В полной мере это относится и к другим видам внутреннего торможения. Более тщательное изучение угасательного торможения у пчел, крабов, раков, рыб, рептилий, птиц, низших и высших млекопитающих не выявило серьезных различий в скорости его возникновения. Да их и не может быть. Условные рефлексы у всех животных должны одинаково быстро и вырабатываться, и угашаться. Иначе одни животные имели бы слишком большие преимущества по сравнению с другими.

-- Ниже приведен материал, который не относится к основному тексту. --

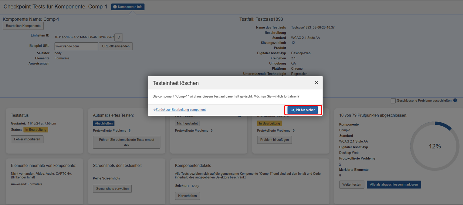 Selecteer Yes I'm Sure in het dialoogvenster Testeenheid verwijderen om het verwijderen te bevestigen.

Не удалось обнаружить серьезные различия и в отношении выработки условного тормоза. У шимпанзе и золотых карасей для его образования требуется всего 3–6 сочетаний условного тормоза с условным раздражителем, естественно без последующего подкрепления этой комбинации. Однако условия, при которых формируется условный тормоз в процессе филогенеза, становятся все многообразнее. Условный тормоз возникает только в том случае, если будущий тормозный и условный раздражители применяются совместно, т. е. когда они действуют одновременно, или если начало первого несколько предшествует началу второго, в крайнем случае при наличии между ними небольшого интервала. Для собак он не должен превышать 10 с. У рыб, амфибий и рептилий условный тормоз вырабатывается с большим трудом даже при наличии всего 5-секундного интервала. При более длинных промежутках у этих животных вместо условного тормоза образуется условный рефлекс второго порядка.

У собак условный тормоз не становится строго специфичным. Это значит, что, будучи выработан к одному определенному раздражителю, он в той или иной мере тормозит и другие условные рефлексы. В еще большей степени это справедливо для низших животных. У них условный тормоз, выработанный к одному пищевому условному раздражителю, тормозит действие всех пищевых условных раздражителей, а условный тормоз к оборонительному раздражителю – все оборонительные условные раздражители. Условный тормоз может быть образован и у более примитивных существ: у ракообразных, насекомых и высших моллюсков. Однако у планарий, ланцетников и миног выработать его не удалось. Но у этих животных не образуются и условные рефлексы, а мы уже решили относить к внутреннему торможению лишь такие виды негативных реакций, с помощью которых устраняются условные рефлексы.

В созданной И.П. Павловым концепции о физиологических механизмах работы мозга большое значение имели представления об иррадиации, концентрации и взаимной индукции возбуждения и торможения. Известны два варианта индукции: одновременная, когда достаточно сильный и концентрированный тормозный очаг вызывает в соседних районах развитие возбудительного процесса и наоборот, и последовательная, когда любой из нервных процессов подготавливает почву для замены на противоположный. Несмотря на то что внешние проявления условнорефлекторной деятельности, имитирующие движение нервных процессов в коре больших полушарий, в опытах на собаках развиваются с безупречным постоянством, исследования в этом направлении приостановились еще пару десятилетий назад главным образом из-за того, что прежние представления об этих явлениях не укладываются в рамки современных концепций на природу торможения. В связи с этим не проведено их сравнительно-физиологическое изучение. Создается, однако, впечатление, что скорость иррадиации, концентрации и индукции в филогенезе возрастает. Например, последовательное торможение у рыб длится 120–300 с, у павианов – 10–15, а у шимпанзе – всего 1 с.